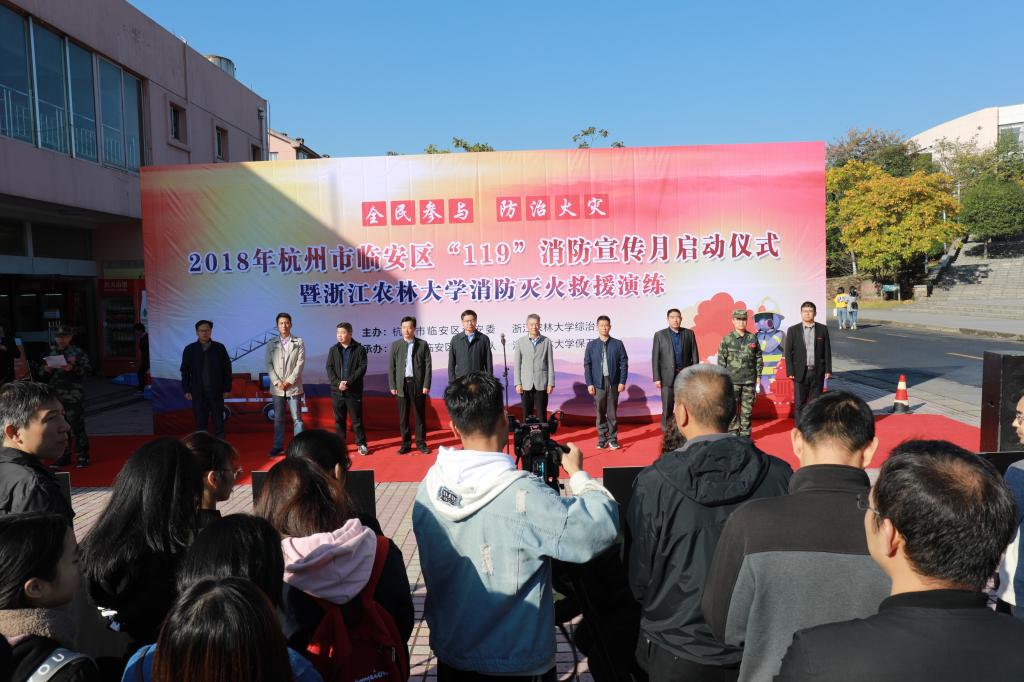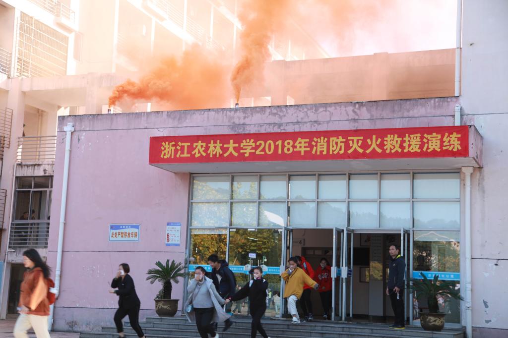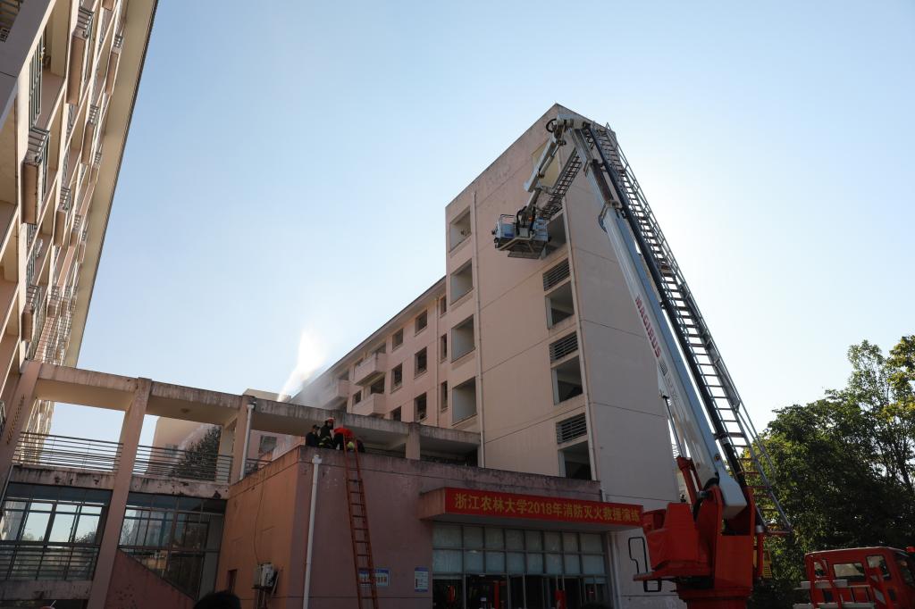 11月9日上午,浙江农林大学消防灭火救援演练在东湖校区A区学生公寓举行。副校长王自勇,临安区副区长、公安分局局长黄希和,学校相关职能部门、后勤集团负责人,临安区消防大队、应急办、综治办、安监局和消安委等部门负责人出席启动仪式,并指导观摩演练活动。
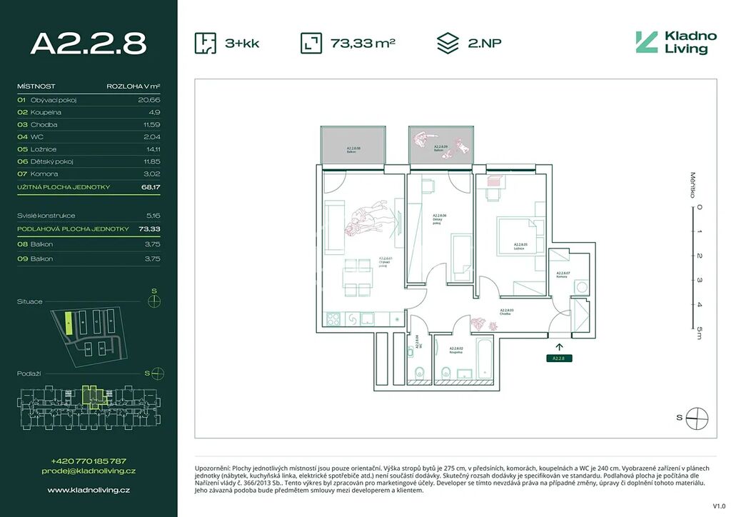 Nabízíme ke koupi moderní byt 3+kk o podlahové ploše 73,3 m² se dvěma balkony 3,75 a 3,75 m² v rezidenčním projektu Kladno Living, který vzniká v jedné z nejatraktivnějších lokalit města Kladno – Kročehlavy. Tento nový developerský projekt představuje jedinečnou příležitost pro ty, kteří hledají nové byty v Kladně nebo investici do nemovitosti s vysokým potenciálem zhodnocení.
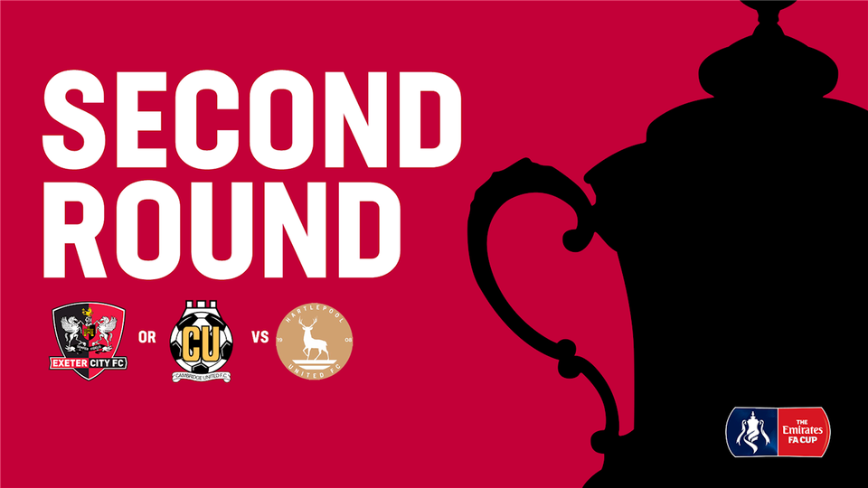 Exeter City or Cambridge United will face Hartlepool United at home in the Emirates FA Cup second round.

_ _ _ _ _ _ _

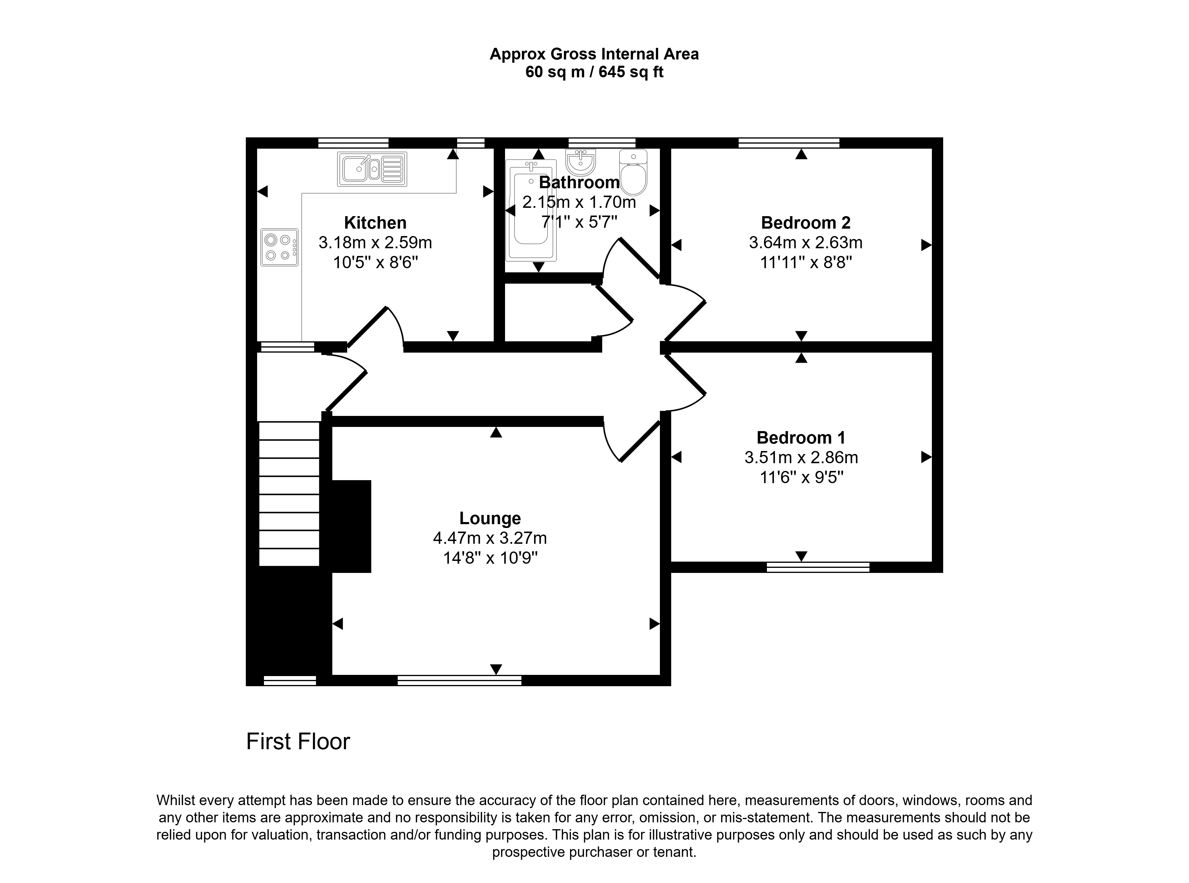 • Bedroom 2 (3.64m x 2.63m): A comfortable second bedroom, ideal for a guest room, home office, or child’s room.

_ _ _ _ _ _ _

**Work item**
The copy should hold exactly the lines above from the one with "11月9日上午,浙江农林大学" through the one with "Exeter City or", both ends counted, and no pictures at all.

**Your response**
 11月9日上午,浙江农林大学消防灭火救援演练在东湖校区A区学生公寓举行。副校长王自勇,临安区副区长、公安分局局长黄希和,学校相关职能部门、后勤集团负责人,临安区消防大队、应急办、综治办、安监局和消安委等部门负责人出席启动仪式,并指导观摩演练活动。
 Nabízíme ke koupi moderní byt 3+kk o podlahové ploše 73,3 m² se dvěma balkony 3,75 a 3,75 m² v rezidenčním projektu Kladno Living, který vzniká v jedné z nejatraktivnějších lokalit města Kladno – Kročehlavy. Tento nový developerský projekt představuje jedinečnou příležitost pro ty, kteří hledají nové byty v Kladně nebo investici do nemovitosti s vysokým potenciálem zhodnocení.
 Exeter City or Cambridge United will face Hartlepool United at home in the Emirates FA Cup second round.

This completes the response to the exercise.